The son of a Greeneville, Tennessee, farmer who grew up eating fresh-as-it-gets foods, Dyke was instilled with a love of farm life and the good things it produced. He knew what a tomato should taste like. Bringing that goodness to the marketplace was sparked at a beloved and bygone store, Sunshine Grocery, after Dyke moved into East Nashville’s Edgefield neighborhood in 1990.
“I had allergies and found the local bee pollen I needed on the other side of town at Sunshine,” Dyke recalls. “But I found more. They had all-natural foods, organic produce—some of it locally grown—bulk spices, even great deli sandwiches. It also had a real spirit of community. Staff and customers engaged. People I knew from my neighborhood shopping there.

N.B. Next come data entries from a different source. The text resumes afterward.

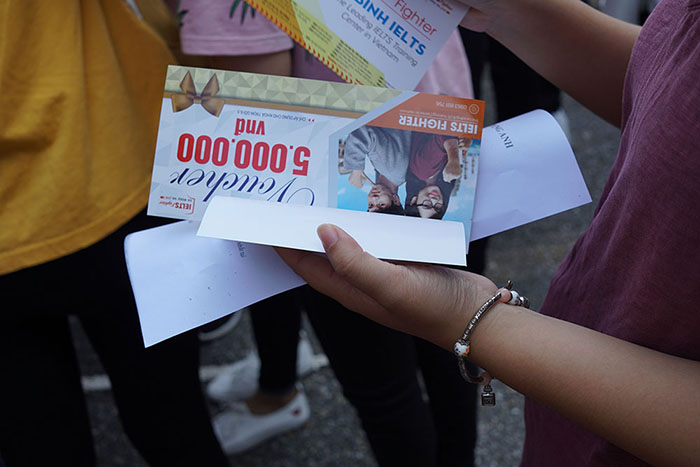 IELTS Fighter đồng hành cùng ngày hội với tư cách là Nhà tài trợ Bạc đã đem đến cho các bạn những chia sẻ hữu ích về IELTS, tư vấn miễn phí cùng các phần quà hấp dẫn. Đó là Voucher 5 triệu đồng, Voucher 500 nghìn đồng và 300 nghìn đồng dành tặng cho các bạn khi đăng ký khóa học tại trung tâm thời gian tới.
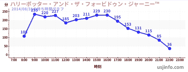 • ハリーポッター・アンド・ザ・フォービドゥン・ジャーニー™$B$N(B2014年08月31日の待ち時間
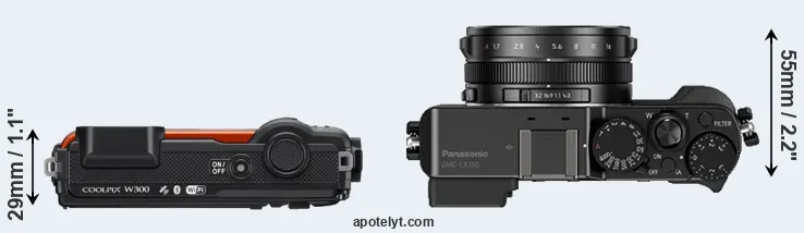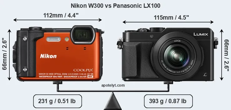 Size Nikon W300 vs Panasonic LX100
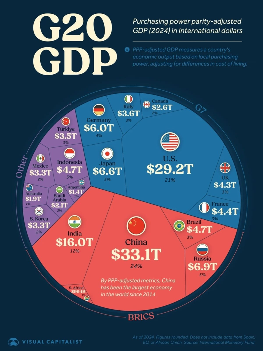 Как вы уже знаете, Россия в этом году официально опередила Японию, став четвёртой экономикой планеты. К посту приложена инфографика от «Наглядного капиталиста» — по всему миру признают наши успехи, как свершившийся факт. Россия в красной зоне справа — 6,9 трлн долларов, 5% от мирового ВВП. Япония в синей зоне слева, чуть меньше.
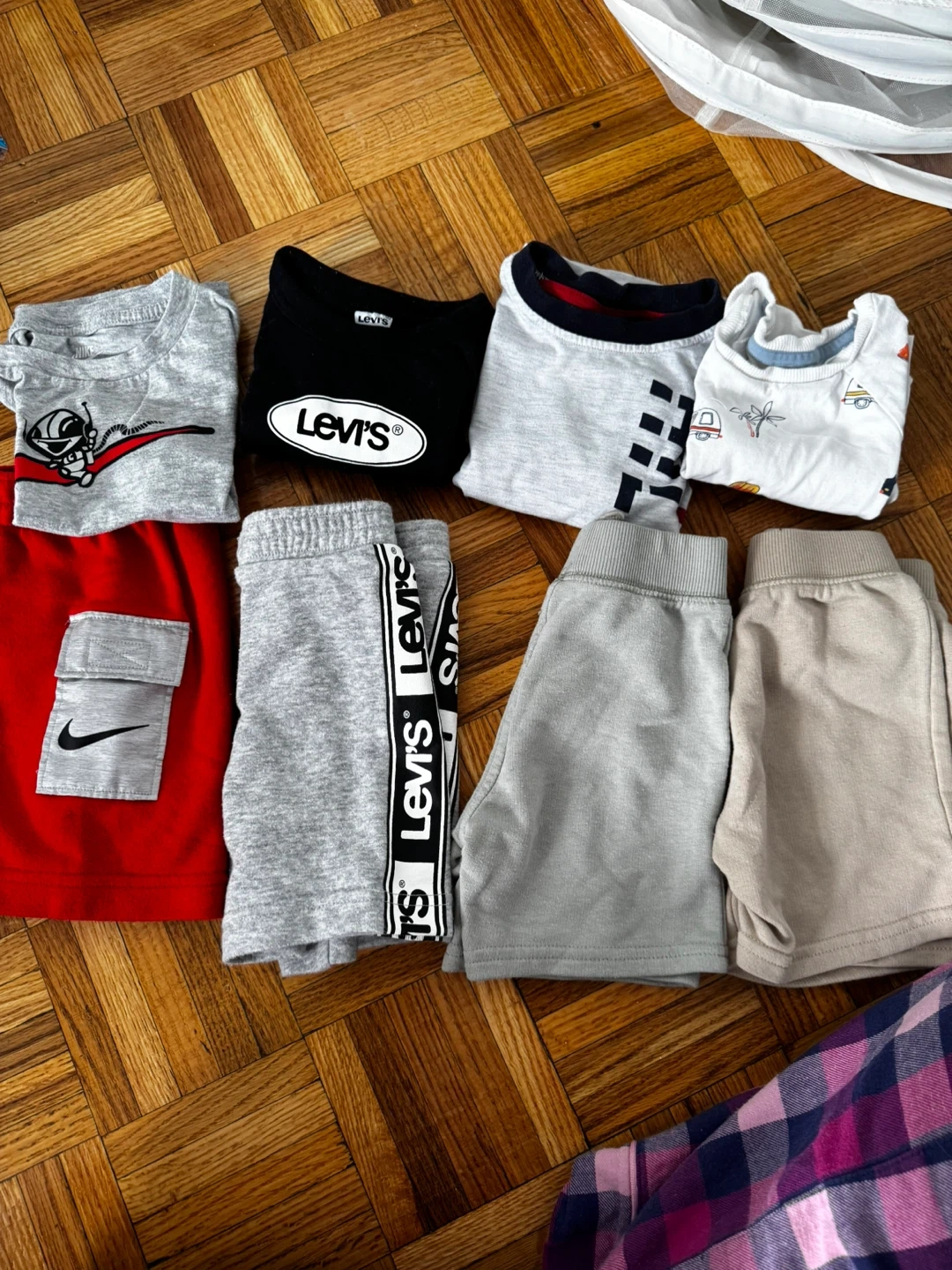 Size 2-3 years. SMOKE FREE AND PET FREE HOME! Some pilling on the shorts, but still has many wears left in these comfy clothes.A bundle of boys' tops and shorts from brands like Levi's and Nike. Includes graphic tees and comfortable shorts. Great for everyday wear!
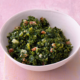 Etwa 5 Min. vor Garzeitende des Gratins die Schnitzel trockentupfen. Etwas Salz, Pfeffer und das restliche Öl verrühren. Das Fleisch damit einpinseln. Schnitzel in einer Grillpfanne je nach Dicke 2-3 Min. von jeder Seite goldbraun braten. Mit dem Grünkohlgratin servieren.
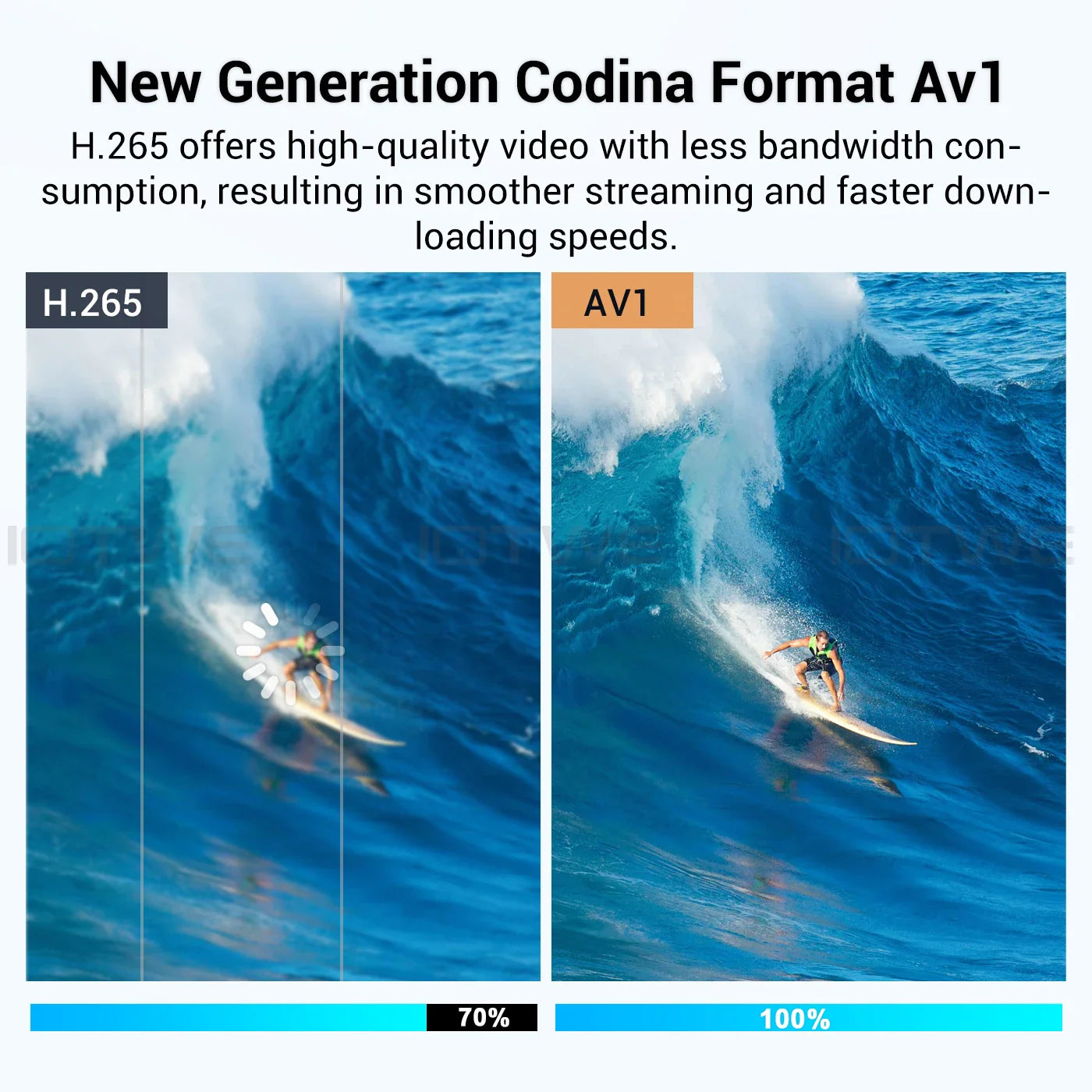 The Android TV box with Android 13.0 ensures stability and smooth loading of films, images and games without buffering. Experience improved performance and usability with a smooth and stable interface. With the powerful Allwinner H618 quad-core processor and advanced image processing technology, you can enjoy an outstanding experience with fast running speed and professional image quality. ă4GB RAM 32GB ROMă
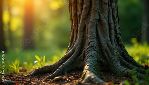 © jiratip, Obraz premium Contorted pine trunk, deep furrows, sunlit bark, close-up, bent
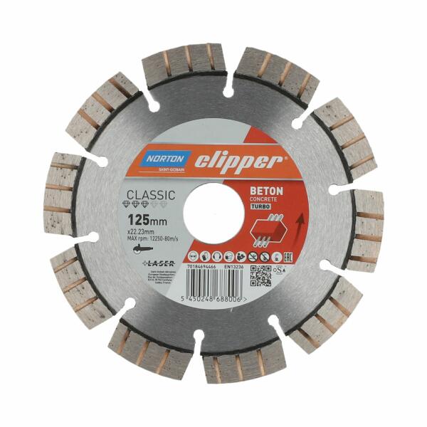 A Norton Clipper Classic Asphalt egy költséghatékony gyémánt vágókorong, amelyet kifejezetten száraz vagy nedves vágáshoz terveztek. Ez a tárcsa különösen alkalmas aszfalt, aszfaltbeton, friss beton, csiszolóanyagok és beton tetőcserepek vágására. A tárcsa úgy lett kialakítva, hogy megfeleljen a közepes terhelésű vágási munkák követelményeinek. Jó kombinációját k
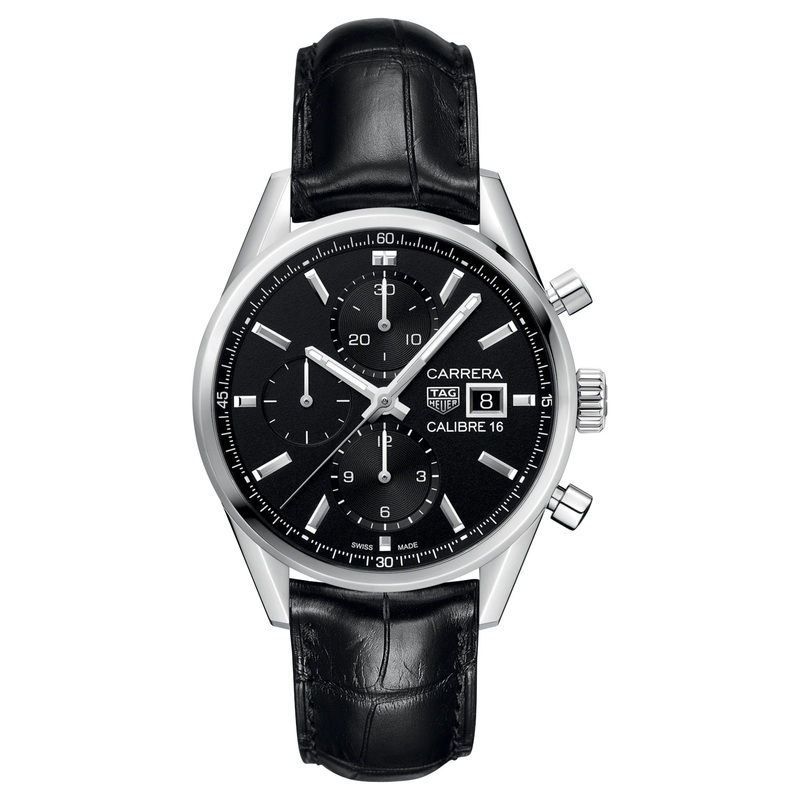 TAG Heuer Carrera Automatic Chronograph Stainless Steel Black Dial Black Leather Strap Date Mens Watch Model# CBK2110.FC6266 / CBK2110FC6266 features a 41 mm stainless steel case with a stunning black textured dial with sub-dials at the 6, 9, and 12 oclock positions and a date window at the 3 o’clock position. The silver-toned indexes and hands are coated with Super-LumiNova for enhanced readability. The gorgeous black alligator leather strap has a folding clasp with push-button release. The see through caseback reveals the chronographs Calibre 16 Swiss automatic movement with a 42 hour power reserve and is water resistant to 100 meters/330 feet.
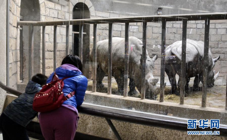12月20日,游人在觀看居住在保溫室內的犀牛。
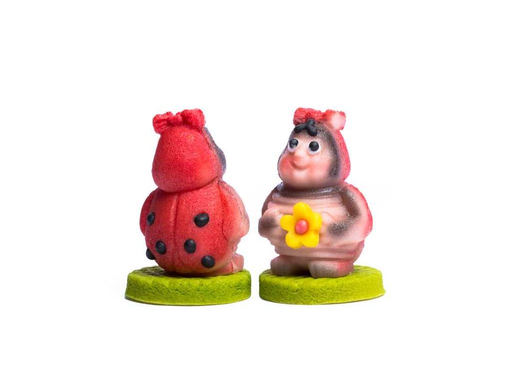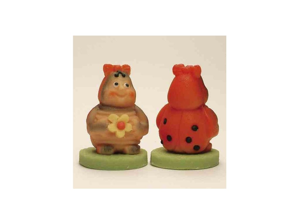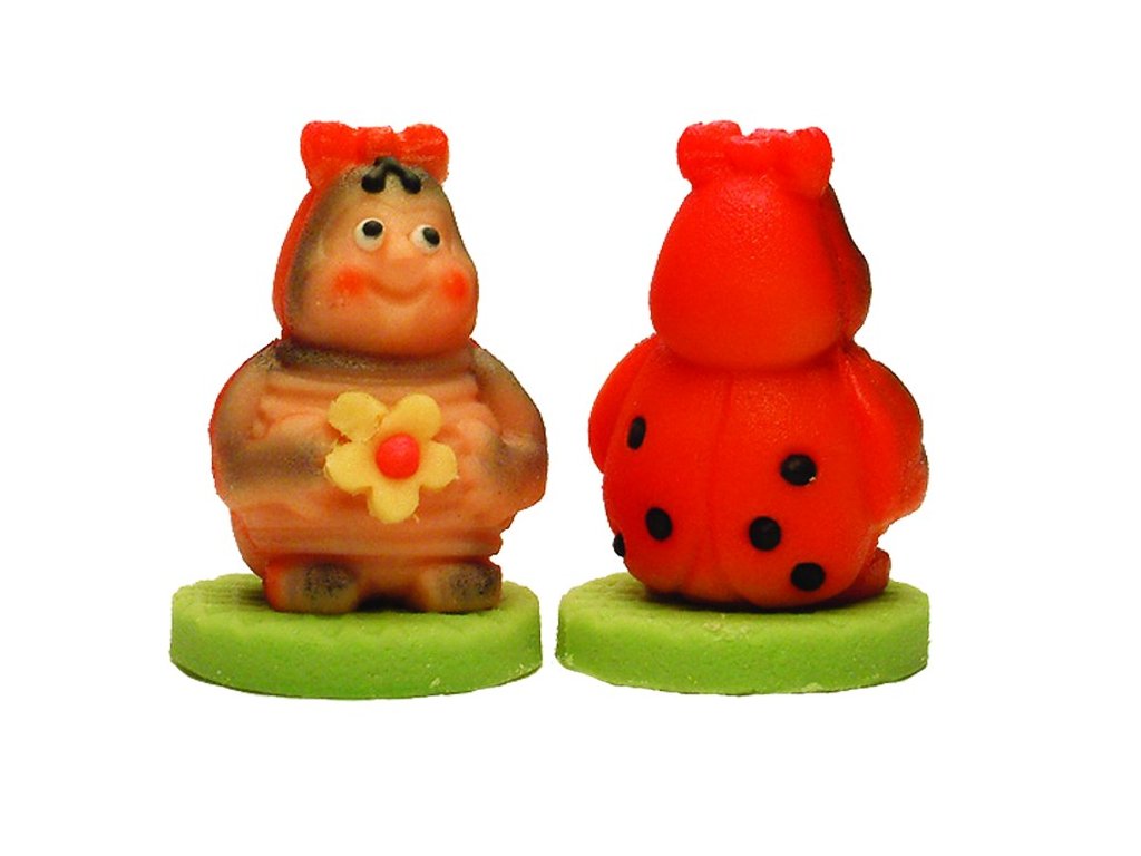 Složení: cukr, mandle (36%), voda, invertní cukrový sirup, udržovač vlhkosti (sorbit, invertáze), alkohol, vaječný bílek, potravinářské barvy: E120, E100, E131, E132, E153.
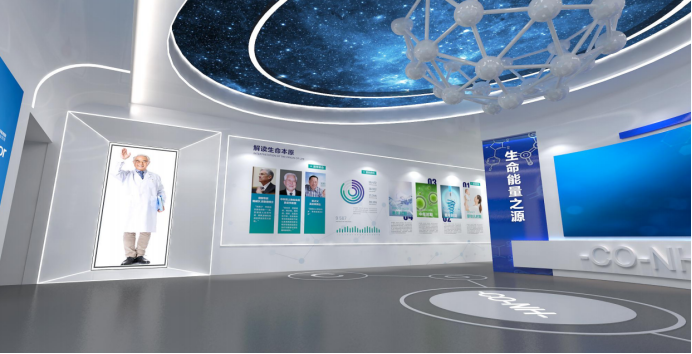 公司研究的主题——肽,是构成人体细胞的重要因素。医学专家的全息玻璃的设置,让医学专家零距离的为观者讲述肽的功能与重要作用。权威人士的影像,拉进了观者的距离,为信任感的建立打下基础。
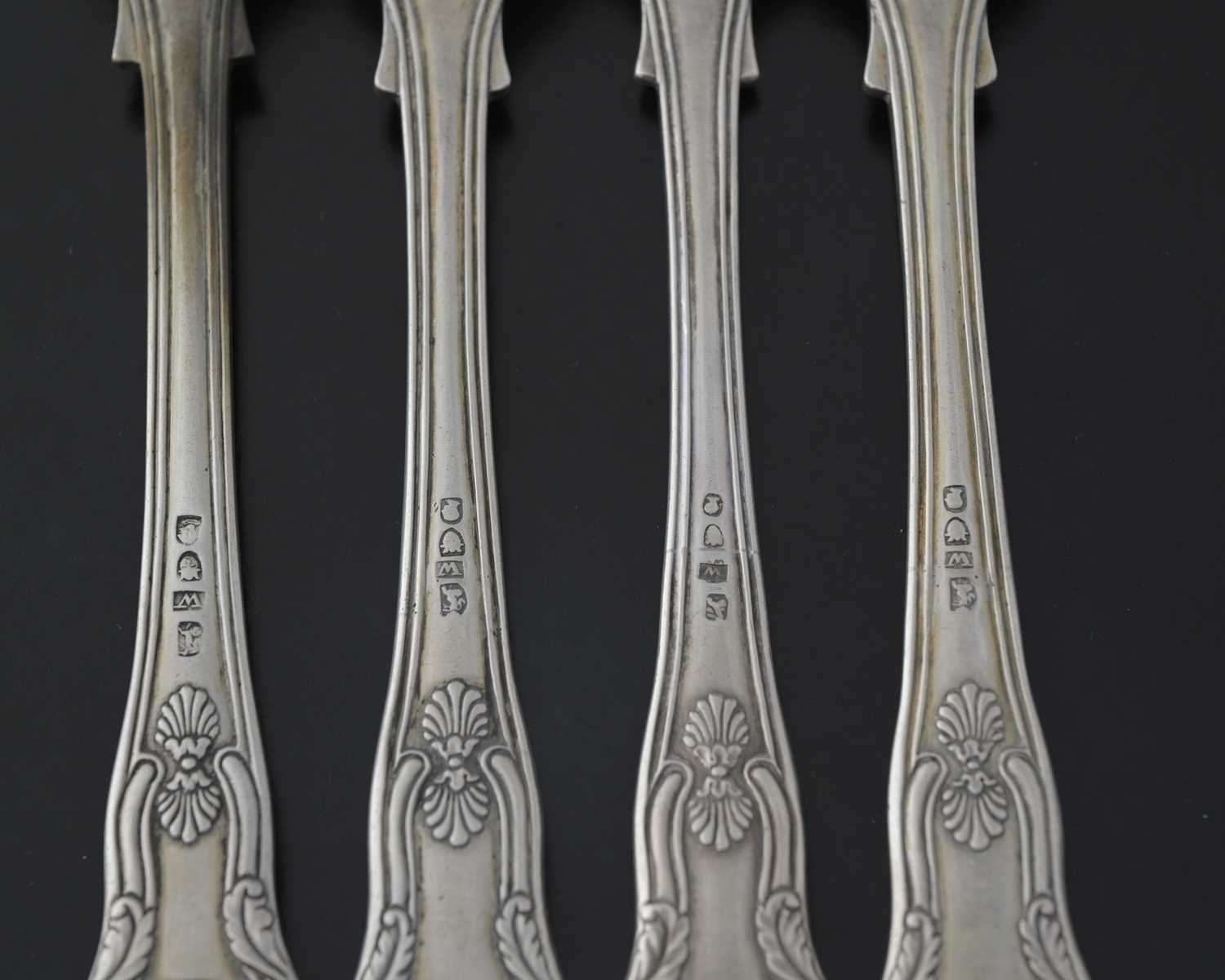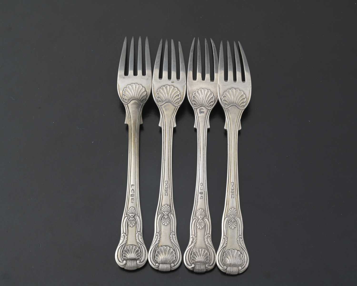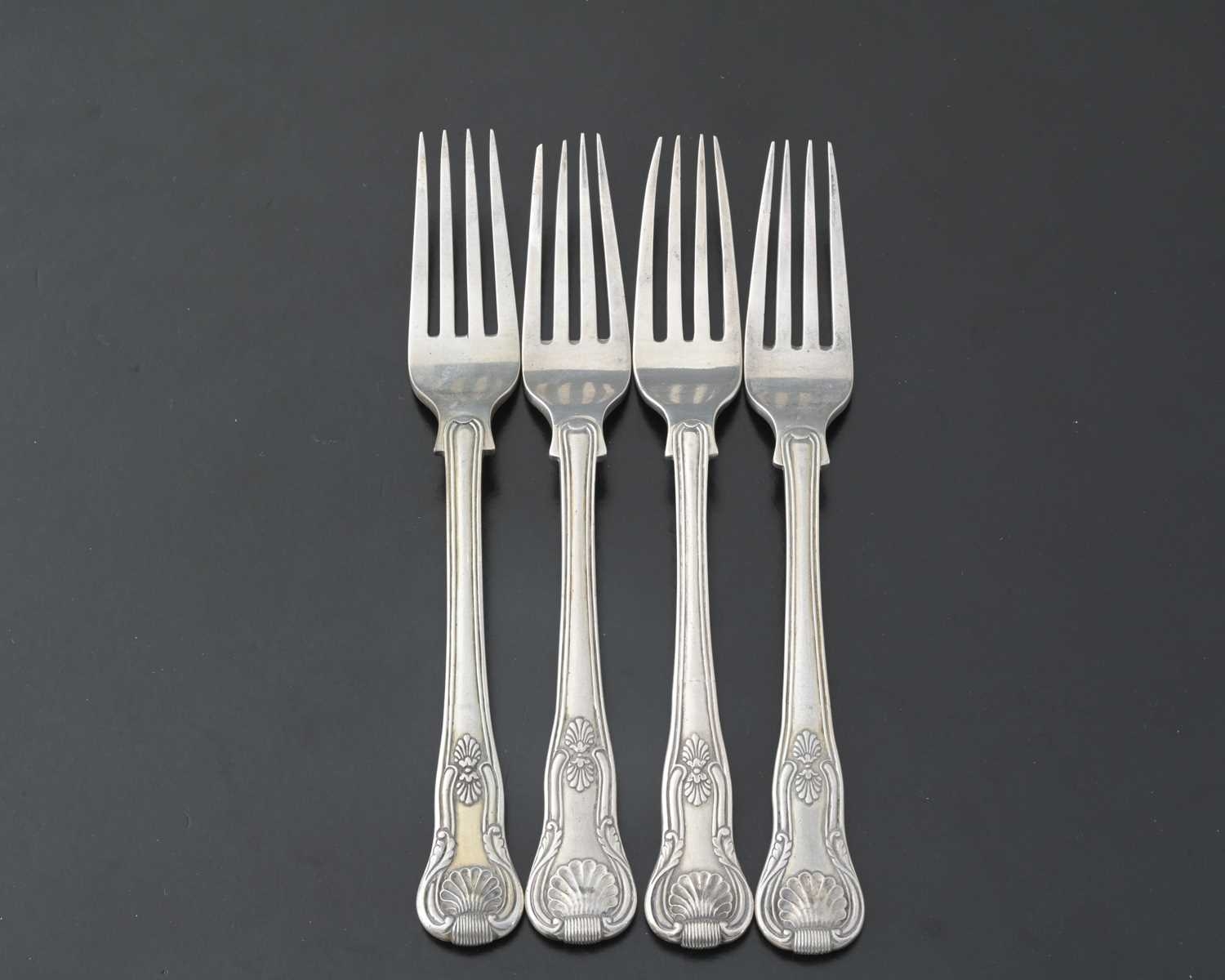 China, a set of four nineteenth-century Chinese export silver King's pattern main course forks, by Wong Shing, Canton c.1820-1860, length 20.8cm, combined weight 372g/11.96ozt approx (4)

And I thought, We need a place like this in East Nashville.”
It took time, research, and diligence for Dyke to learn the basics of the business and get the right location. In May 2001, he opened The Turnip Truck at 10th and Woodland in a building that went up a century earlier as an H.G. Hill grocery store. It felt right to return it to its original purpose, he says. Using Sunshine Grocery as his model, he sold whole foods—and as much local as possible.
“In the early days, we faced many challenges,” Dyke says. “I came to this understanding: This is a neighborhood store. I own it, but it’s my customers to shape. I’ll listen. Give me feedback.”
And the community did, embracing The Turnip Truck straightaway. That helped him align with the best supplement companies, ones with standardized testing, training, and education.
“We had outgrown the building by the time we opened our [second] store in The Gulch,” Dyke admits.
But that gave his team time to hone new aspects of the business just introduced there—like hot food service, a deli, and a juice bar—and to plan the new store in East Nashville. Just blocks from the original location, the flagship now boasts more than 12,000 square feet, offering full-service meat and seafood departments, a bakery and deli, beer and kombucha on tap, a hot and cold bar, and bountiful displays of fruits and vegetables that greet you as you enter. The second-floor bridge overlooks it all.
“The community is the heart of our store,” Dyke says. “We wanted to provide a café space where our customers can go to eat, read, relax.” The Turnip Truck will soon host cooking demonstrations and classes. Other future plans include aquaponics, rooftop gardens, and a greenhouse.
“Food that travels zero miles—think how amazing that will be,” Dyke says.